TOTAL VOLUME:
$62b
24H VOL:
$247,368,872
24H TRANSACTIONS:
600,147,874
OPEN INTEREST:
$1,359,628,193
584,096
Markets across
14,555
events
MATCHED EVENTS:
4,195
PLATFORM COVERAGE:
4
Polymarket:
50%
VS.
Kalshi:
50%
$
$20
$50
$100
$500
This market tracks whether the national average price of regular gasoline in the US will reach $4.60 or higher at any point during 2026. On Kalshi, the leading outcome—that average gas prices will exceed $4.60 by December 31, 2026—currently stands at 59.0%. Resolution is determined by AAA's reported maximum national average regular gas price throughout the tracking period. Watch for energy market developments and geopolitical events that could influence crude oil supplies and refining capacity through the end of 2026, the final day of the betting window.
Prediction market odds on Kalshi represent real-money bets from traders with direct financial incentive to forecast accurately, whereas traditional analyst forecasts rely on econometric models and expert judgment without direct market consequences. Analysts typically publish point estimates or ranges for average gas prices, while prediction markets distill expectations into binary or categorical probabilities. The market odds reflect live, dynamic consensus that updates as new inflation data, Federal Reserve policy signals, and crude oil trends emerge. Comparing the two reveals whether professional analysts and market participants align on 2026 gas price risks or diverge in their risk assessments.

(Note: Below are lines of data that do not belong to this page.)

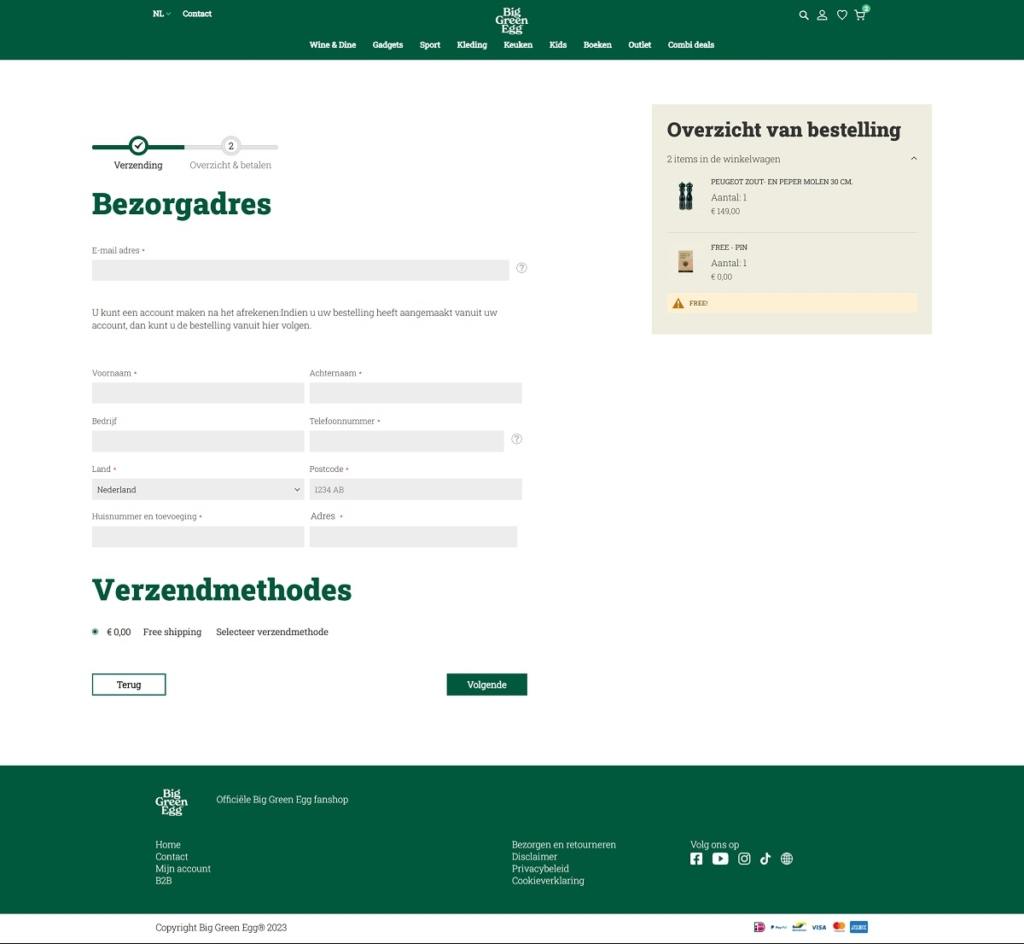 Big Green Egg Checkout Page Example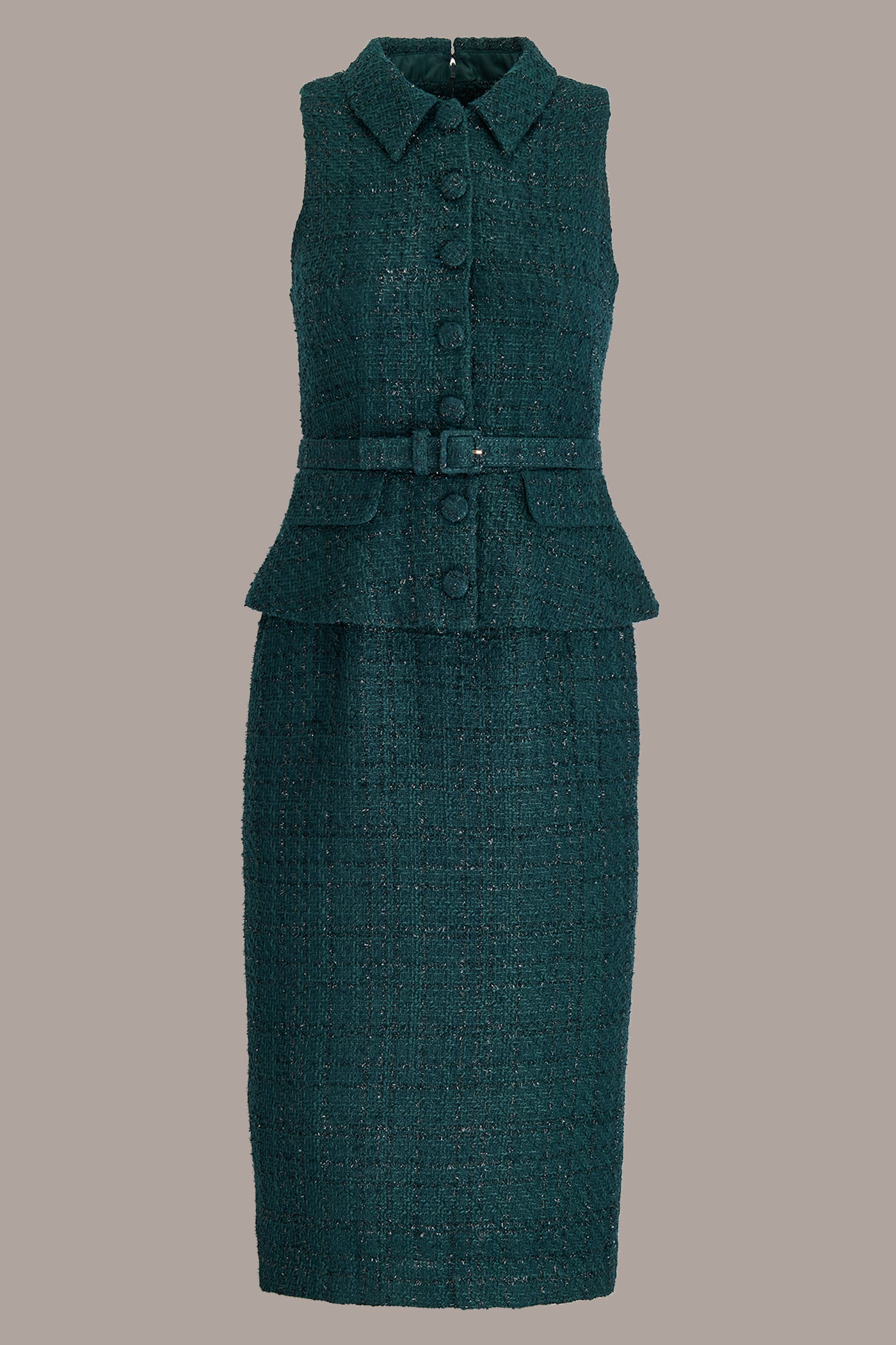 - Belted Sleeveless Point Collar Midi Peplum Suit Dress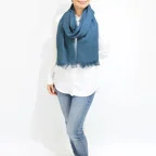 スタンダードな大判サイズで肩から羽織る使い方にも適しています。ゆるっと巻くだけで立体感を作りやすくなっています。春夏の日除けや冷房対策としても使いやすく、ファッションのアクセントとしてなら一年中使うことができます。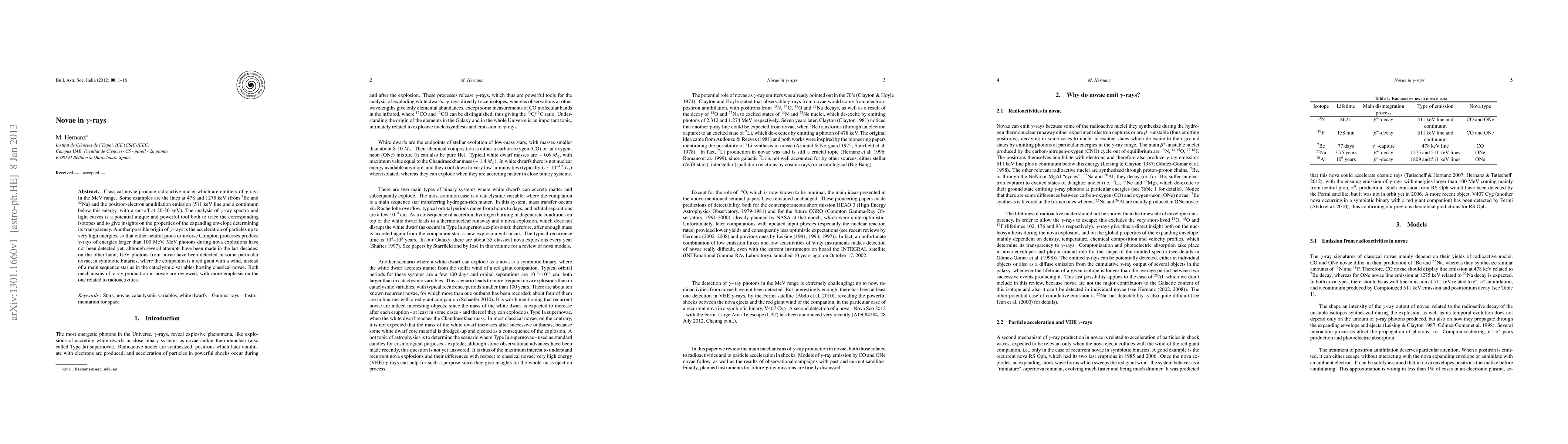This paper reviews the mechanisms of gamma-ray production in classical novae, focusing on the emission from radioactive nuclei and the acceleration of particles. It highlights the potential of gamma-ray spectra to trace isotopes and understand the expanding envelope's properties.

On Kalshi, the top outcome is priced at probability, reflecting trader belief that US average gas prices will exceed $5.00 by December 31, 2026. On Kalshi, prices reflect that venue's order book, liquidity, and how traders price the outcome right now. Traders buy YES shares if they expect prices to breach that threshold, or NO shares if they expect prices to remain below it. The price moves continuously based on order flow and new information about energy supply, geopolitical risks, and macroeconomic conditions. Higher probability reflects stronger conviction among market participants that $5.00+ gas is likely by year-end 2026.
The market resolves on Jan 1, 2027, marking the end of the 2026 prediction window. Resolution is determined by the actual average US gas price level recorded at that time, compared against the specific thresholds defined in the market outcomes. The outcome that matches the realized price level will be deemed correct, and traders holding shares in that outcome receive their payout. Until resolution, prices remain uncertain and subject to revision based on evolving energy markets, economic conditions, and policy changes throughout 2026.
Major catalysts include crude oil supply disruptions, OPEC production decisions, US refinery capacity changes, and geopolitical tensions in oil-producing regions. Domestic factors such as Federal Reserve interest rate policy, inflation trends, and consumer demand for fuel also drive prices. Regulatory changes—including fuel blending mandates or environmental rules—can affect refining costs and margins. Seasonal demand cycles, particularly summer driving season and winter heating demand, create predictable price swings. Unexpected economic recessions or booms shift transportation fuel consumption. Traders monitor weekly petroleum inventory reports, crude futures, and energy sector earnings to adjust their 2026 price expectations continuously.
Follow the signals, not the noise
Get insights on market conviction, notable shifts, and what the data is quietly signaling.